Resonant nuclear reaction $^{23}$Mg $(p,\gamma)$ $^{24}$Al in strongly screening magnetized neutron star crust

TL;DR

This paper investigates how strong electron screening in superstrong magnetic fields affects the nuclear reaction rates of $^{23}$Mg $(p,)$ $^{24}$Al on magnetar surfaces, revealing significant enhancements that impact nucleosynthesis and element distribution.

Contribution

The study introduces a model for SES effects on nuclear reaction rates in SMFs, showing rates can be greatly increased, especially at high magnetic fields, influencing nucleosynthesis pathways.

Findings

Reaction rates can increase by up to three orders of magnitude due to SES.

Model results agree with previous models at low densities and magnetic fields.
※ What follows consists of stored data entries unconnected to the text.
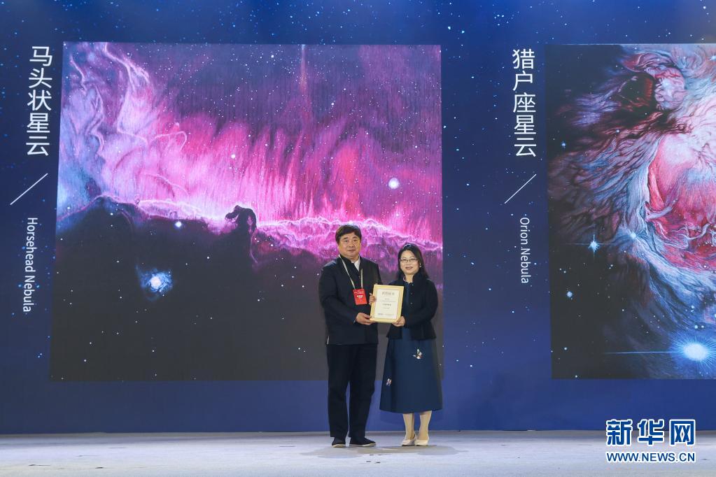 4月24日,在江蘇南京中國航天日主場活動(dòng)現(xiàn)場,陳英華(右)的“星空”系列蘇繡作品獲得太空探索與藝術(shù)創(chuàng)想大賽特別獎(jiǎng)。新華社發(fā)(崔曉 攝)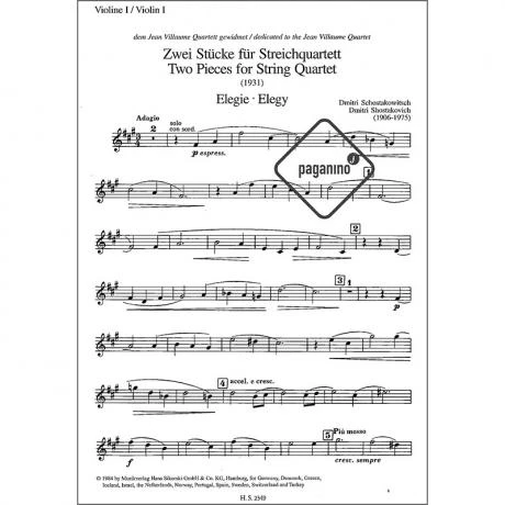 Ausgabe für 2 Violinen, Viola und Violoncello, Partitur und Stimmen.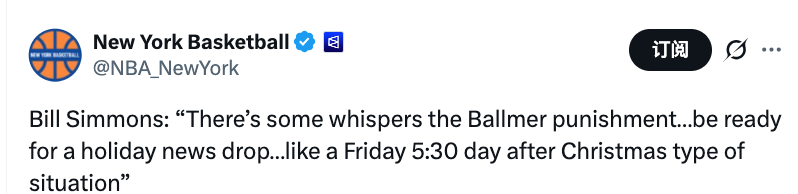 西蒙斯表示:“坊间有些风声,大家要做好在圣诞节假期期间突然爆出新闻的准备。有传言说可能会选在圣诞节后的周五下午5点半这种时间点。随着全明星赛日益临近,联盟必须有所表态。他们不可能在不公布调查结果的情况下就进入全明星周末,我认为我们即将知晓最终处罚决定——如果确实存在处罚的话。”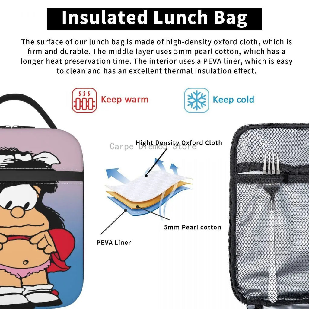 Mafalda Insulated Lunch Bag for Women Quino Comic Cartoon Cooler Thermal
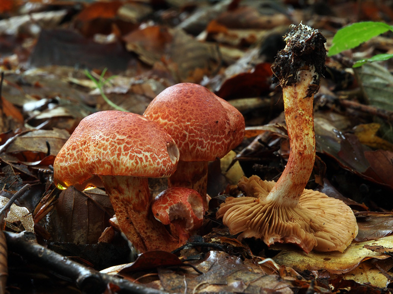 Hallo zusammen, dieser hier abgebildete Pilz steht aktuell sehr zahlreich im Rotbuchenwald mit eingestreuten Fichten. Mit den mir hier zur Verfügung stehenden Möglichkeiten habe ich ihn als Cortinarius bolaris, also Rotschuppiger Rauhkopf, identifiziert.
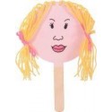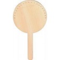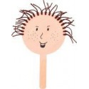 Lot de 15 supports en bois pour visages. En bois brut, avec un manche et des trous perforés. Les enfants décident selon leur imagination de représenter une fille ou un garçon. Appliquer d’abord une couche de couleur pour la peau, dessiner les traits d’un visage et ajouter des cheveux en laine. Atelier pour 15 enfants. Dimensions : Ø.12,5 x H.24 cm.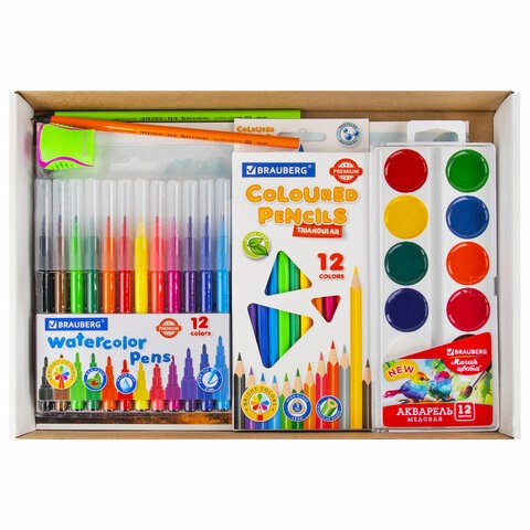 Все самые необходимые принадлежности для рисования и творчества в надежной упаковке. Состав набора: - фломастеры 12 цветов - 1 шт.; - цветные карандаши 12 цветов - 1 шт.; - краски акварельные 12 цветов - 1 шт.; - точилка - 1 шт.; - карандаш чернографитный - 2 шт.; - альбом для рисования А4, 20 л. - 1 шт. Все принадлежности из этого набора предназначены для развития творческих способностей и реализации художественных идей. С помощью данного набора можно создавать яркие и насыщенные рисунки, экспериментировать с различными техниками и эффектами. В состав набора входят только высококачественные сертифицированные отечественные и импортные школьные принадлежности, соответствующие требованиям безопасности детских товаров законодательства РФ.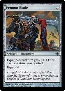 Draped with the pennon of a fallen outpost, the sword came to symbolize the peoples of Zendikar becoming one.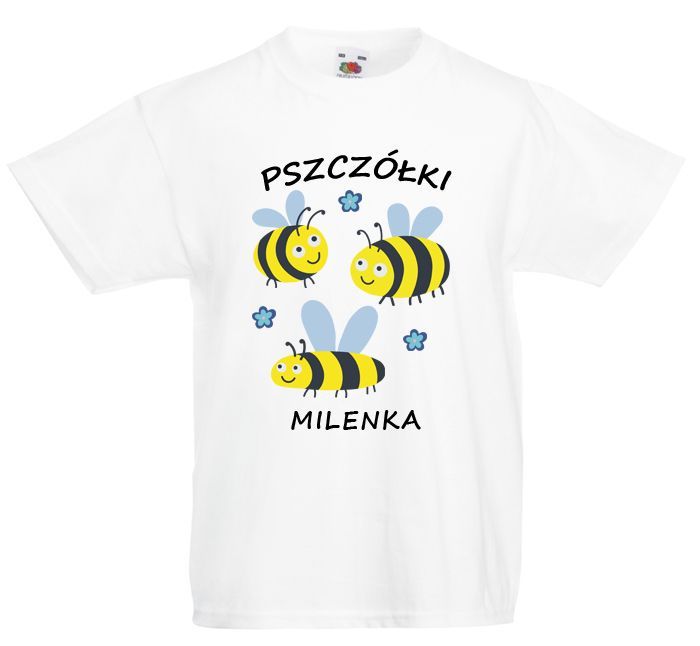 Koszulka z imieniem dla małego dziecka z pszczółkami. Pszczoły są bardzo pracowite i pożyteczne. Zawsze jest ich dużo w ulu. Codziennie wykonują swoje obowiązki. Dziecko w przedszkolu też jest pilne. Uczy się wielu cikawych rzeczy.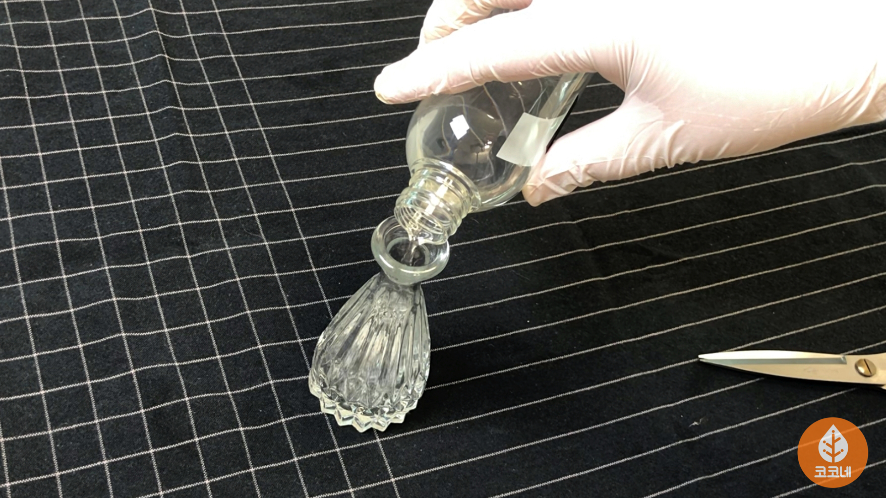 용기에 실리카겔 봉지 속 알갱이를 담고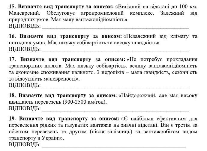 15. визначте вид транспорту за описом: "Вигідний на відстані до 100 км. Маневрений. Обслуговує агропромисловий комплекс. Залежний від природних умов. Має малу вантажопідйомність".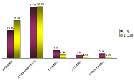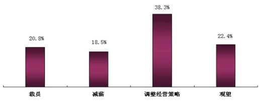 此項調(diào)查結(jié)果出乎我們的意料,選擇裁員的企業(yè)已經(jīng)占到了20.8%,但是多數(shù)企業(yè)還是選擇了調(diào)整經(jīng)營策略。我們特別希望有遠見的企業(yè)不要把裁員作為應對危機的主要措施,這也不符合我們“和諧社會”的主旋律。只要能正確的面對,認真分析企業(yè)的優(yōu)勢,研究市場的動向,合理配置企業(yè)資源,充分發(fā)揮員工的潛力,調(diào)動員工的積極性,企業(yè)一定會有新的轉(zhuǎn)機。企業(yè)如能和員工共克時艱,就會加深員工對企業(yè)的感情,這種情感會轉(zhuǎn)化為企業(yè)的一種優(yōu)勢資源。(見圖表四)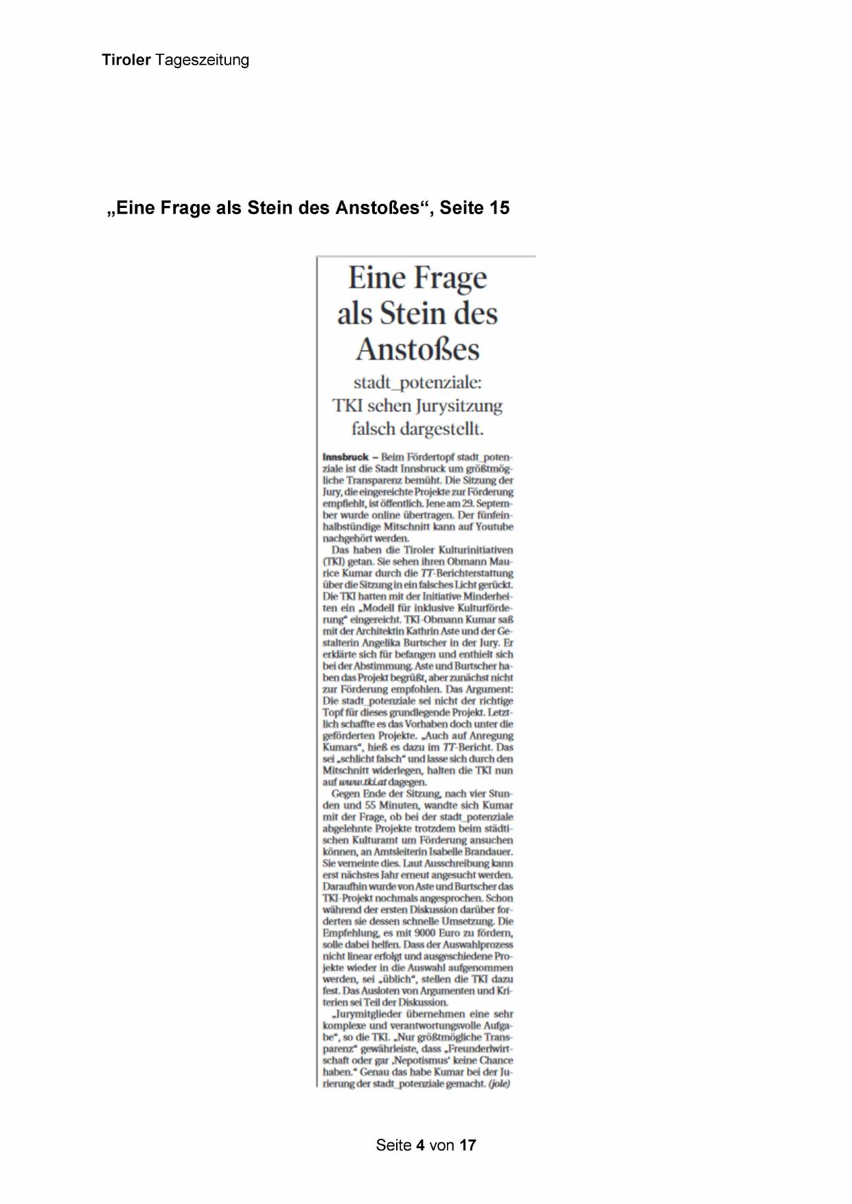 Innsbruck — Beim Fördertopf stadt_potenziale ist die Stadt Innsbruck um größtmögliche Transparenz bemührt. Die Sitzung der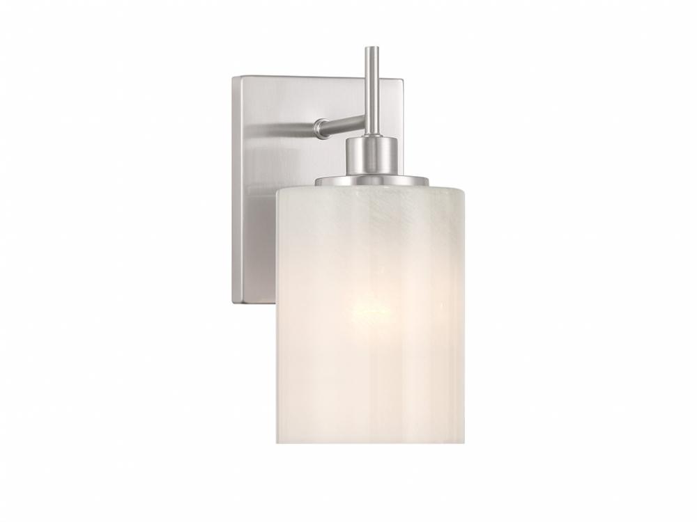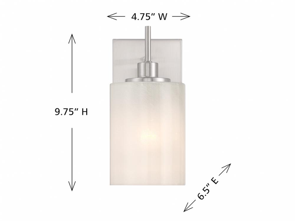 Pep up any room with this simply beautiful 1-light sconce! Its centerpiece is a shade of strie glass featuring dazzling swirls that draw the eye, soften the glow and work beautifully with the Brushed Nickel finish. It is 9.75" in height, 4.75" in width and extends 6.5" from the wall. Uses 1 standard size bulb of up to 60 watts. Bulb not included.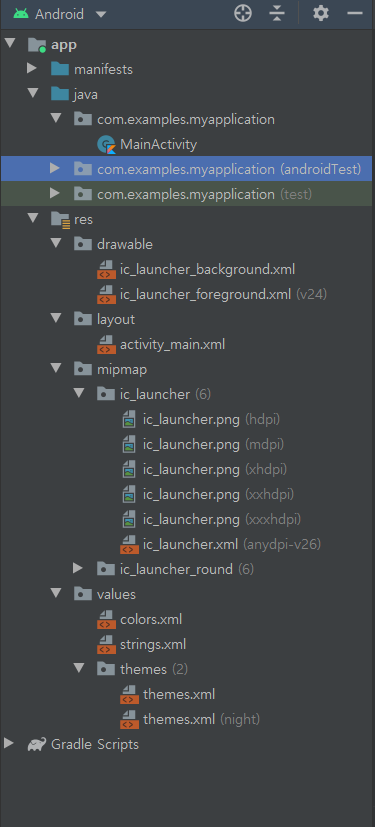 ✓ (androidTest) 단위 테스트 등을 위한 것으로 중급 이후에 사용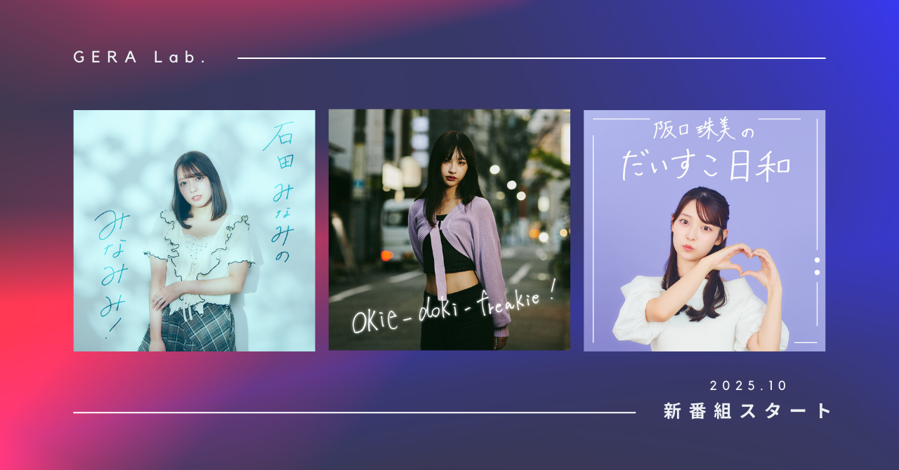 【お笑いラジオアプリGERA】GERA Lab. 新たに3番組スタート ー石田みなみ、沖侑果、阪口珠美ー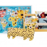 Embark on an adventurous journey with 60-piece educational puzzles that present continents, oceans, and animals from around the world.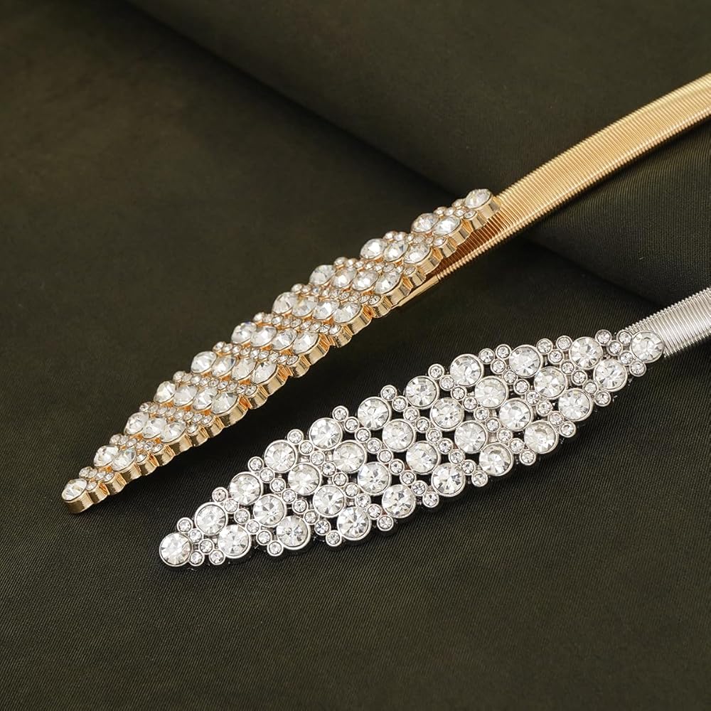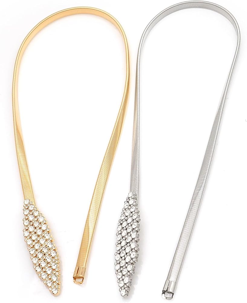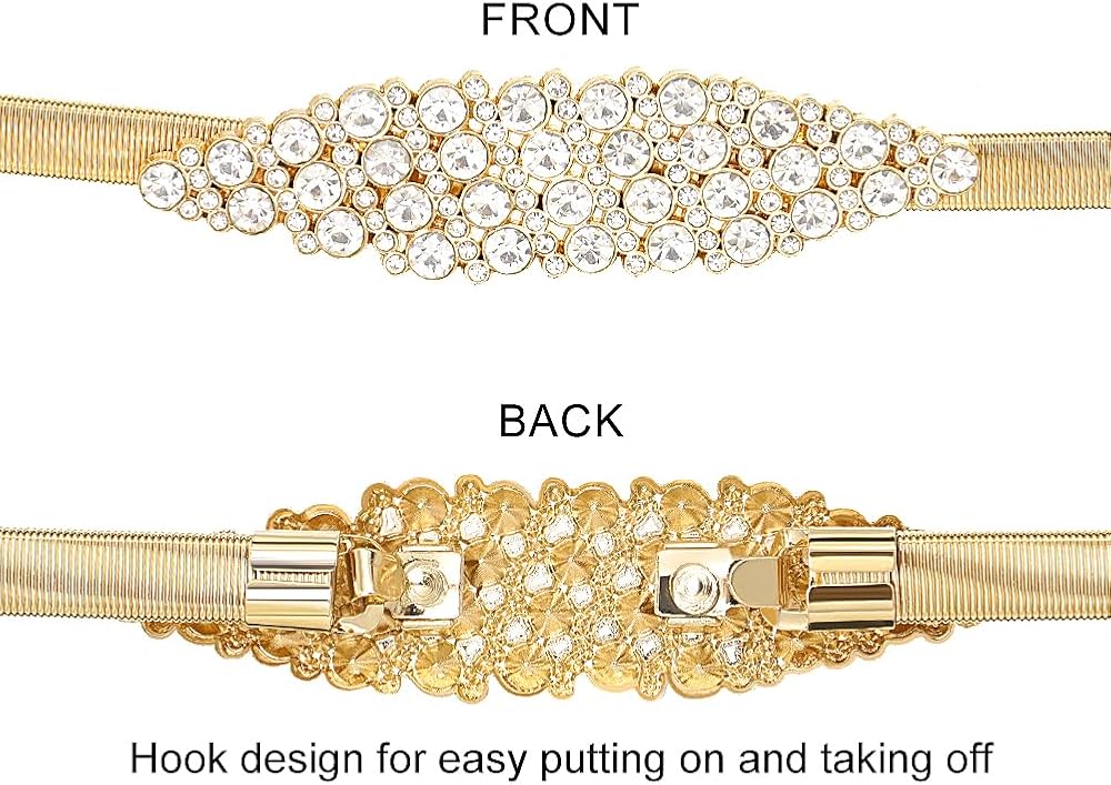 Style: The set contains elastic waistbands with defferent design. The diamonds on the buckles make you shine more in the crowd. You can choose a belt to wear according to your mood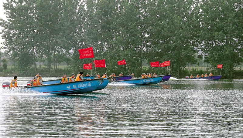 连日来,曾都区防办会同区人武部,组织民兵预备役官兵在白云湖举行水上救护演练。此次演练从实战出发,结合该区河道堤防等防洪工程现状及可能发生的汛情险情特点,增强防汛抢险实战的能力。 (本报记者 唐天才 通讯员 李一勤 摄)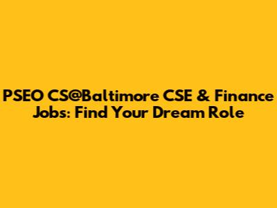 PSEO CS@Baltimore CSE & Finance Jobs: Find Your Dream Role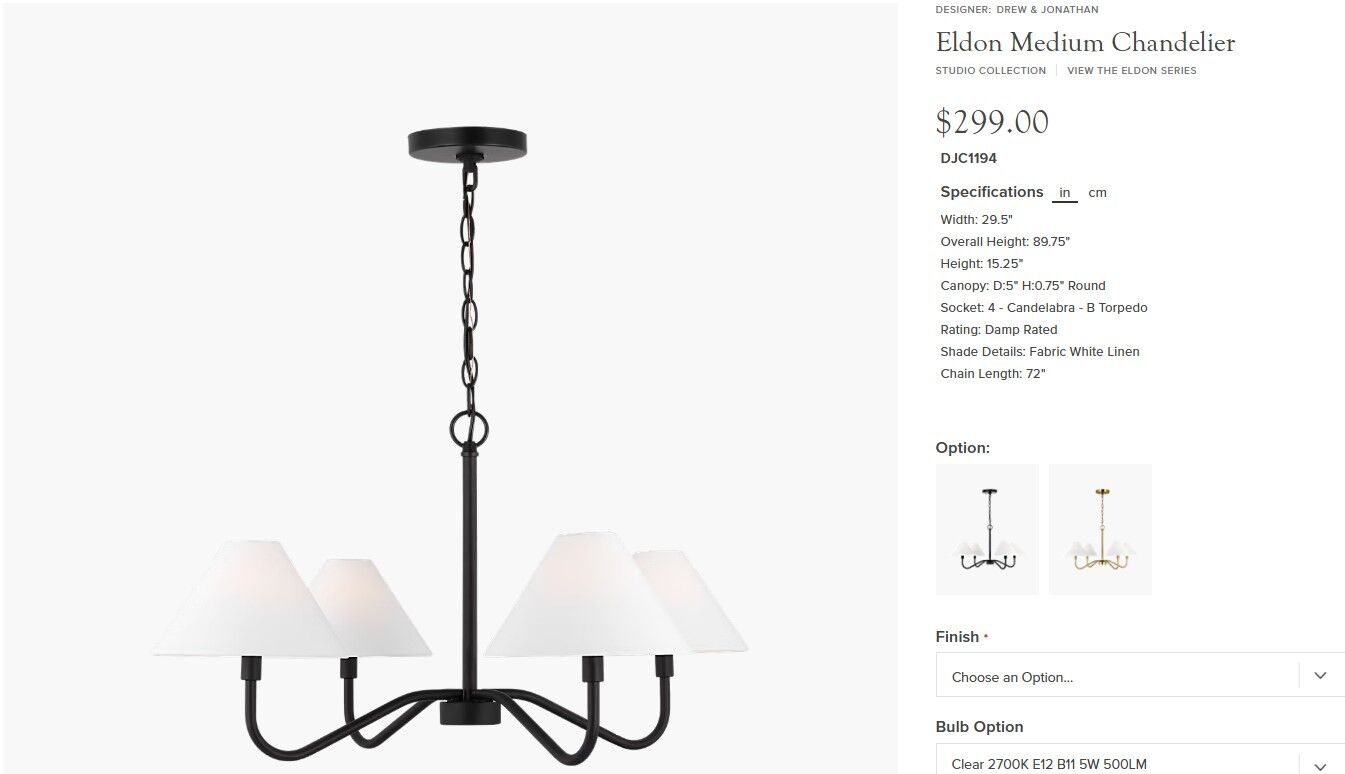 ApplePayDrew & Jonathan Eldon Medium Chandelier Black & White

Enhanced reaction rates lead to increased production of heavy nuclides like $^{26}$Al.

Abstract

Basing on the relativistic theory in superstrong magnetic fields (SMFs), we investigate the influence of strong electron screening (SES) on the rates of nuclear reaction $^{23}$Mg $(p, \gamma)$ $^{24}$Al by three models of Lai (LD), Fushiki et al. (FGP), and Liu et al. (LJ) on the surface of magnetars. Our results show that the rates can be greatly enhanced by three orders of magnitude due to the influence of SES. The rates in our model are in good agreement with those of LD and FGP at relatively low density environment (e.g. $\rho_7<0.01$) for $1<B_{12}<10^2$. On the other hand, in relatively high magnetic fields (e.g. $B_{12}>10^2$), the rates of our model can be 1.58 times and around three orders of magnitude larger than those of FGP and LD, respectively. The significant increase of the rates of our model for $^{23}$Mg $(p, \gamma)$ $^{24}$Al implies that more $^{23}$Mg will escape from the Ne-Na cycle due to SES in SMFs. As a consequence, the next reaction $^{24}$Al $(\beta^+, \nu)$ $^{24}$Mg will produce more $^{24}$Mg to participate in the Mg-Al cycle. Thus, it may lead to synthesize a large amount of production of $A\geq 20$ nuclides (e.g. $^{26}$Al) on the surface of magnetars. These heavy elements (e.g. $^{26}$Al) may be thrown out due to the compact binary mergers of double neutron star (NS-NS) or black hole and neutron star (BH and NS) systems. Our results may help to understand why the $^{26}$Al is always overabundance in the interstellar space. Our conclusion may be helpful to the investigation of the nucleosynthesis of some heavy elements, the energy generation rate, and the numerical calculations of magnetars evolution.